The new tunable graphene device for experiments in exotic physics, Scientists have been looking for ways to make this atomically thin 2D material to work.
Graphene is thinner than a DNA strand, but still 200 times stronger than steel. It is an excellent conductor of electricity and heat and can be accommodated in various forms – from ultra-thin 2D panels to electronic circuits.
Now researchers have used the talents of their graph system to unite not two but three properties: superconductors, isolation and a type of magnet called ferromagnetism.
Multitasking devices can activate new physical experiments, such as faster-generation electronic research such as quantum computer technology. The new tunable graphene device for experiments in exotic physics.

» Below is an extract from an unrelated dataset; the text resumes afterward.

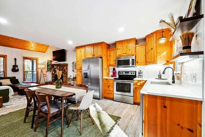 Indlu enevaranda eneglasi imema indalo, ihleli ehlathini nemizuzu eyi-10 ukuya eDahlonega. Iibhedi ezinkulu/umatrasi ophezulu womqamelo, izinto zebhedi ezikumgangatho ophezulu. Ulimi nesilingi ye-groove w/slate fireplace, umgodi wokubasa umlilo, iBath w/slate shower, iitawuli zeplush. Izixhobo zasekhitshini zentsimbi, umphezulu weglasi, ioveni, umatshini wokuhlamba izitya, i-microwave, i-toaster oven, ifriji, izitya, izinto zokupheka neKeurig. Iveranda yethu ephandle enezinto zokubraya ikulindile.43 ″ HDTV Roku's equipped w/Disney, Hulu, Max, Netflix, Paramount. I-Lic Yokuqeshisa Ngendawo Yokuhlala Ixesha Elifutshane #4829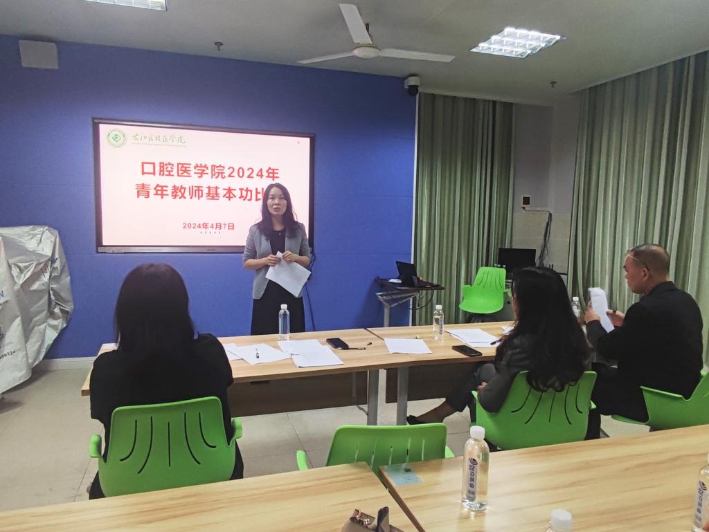 为提高青年教师教学能力和业务水平,强化青年教师队伍建设,4月7日晚,口腔医学院举办2024年青年教师基本功大赛,本次基本功大赛由校级教学督导专家邓敏教授、口腔医学院党委书记廖明华教授、院长黎淑芳教授、口腔颌面外科学教研室主任李俊教授担任评委,多名教师到场观摩。

Graphene has great potential in the electronics world. Its atomic structure, combined with strong electronic and thermal conductivity, “can offer unique advantages in the development of next-generation electronic devices and storage.”
The problem is that the magnetic material used in electronics today consists of ferromagnetic metals such as iron or cobalt alloys. Like ordinary magnets, ferromagnetic materials have north and south poles.
When ferromagnetic material is used to store data on a computer’s hard drive, these poles point up or down and represent zeros and bits called.
By applying electrical voltage through the gates of the graphical device, the electron force supplied to the device moves in the same direction as a small car moving along the route. This creates a strong inertia that turns a graphene device into a ferromagnetic system.
Further measurements revealed amazing new properties: the interior of the graph system became not only magnetic, but also insulating; and despite its appeal, its outer edge overflows into an electronic channel that moves without a hitch. The new tunable graphene device for experiments in exotic physics.
Such properties mark a rare class of insulators known as Chern insulators, the researchers said.
Researchers say: Our findings show that graphene is the ideal platform for studying a variety of physics, from single particle physics to superconductivity and now physics topology to the investigation of quantum phases of matter in 2D material. The new tunable graphene device for experiments in exotic physics.
The researchers hope to conduct more experiments with their graphene devices to better understand how Chern’s isolation / magnetism and the mechanism behind its unusual properties arise.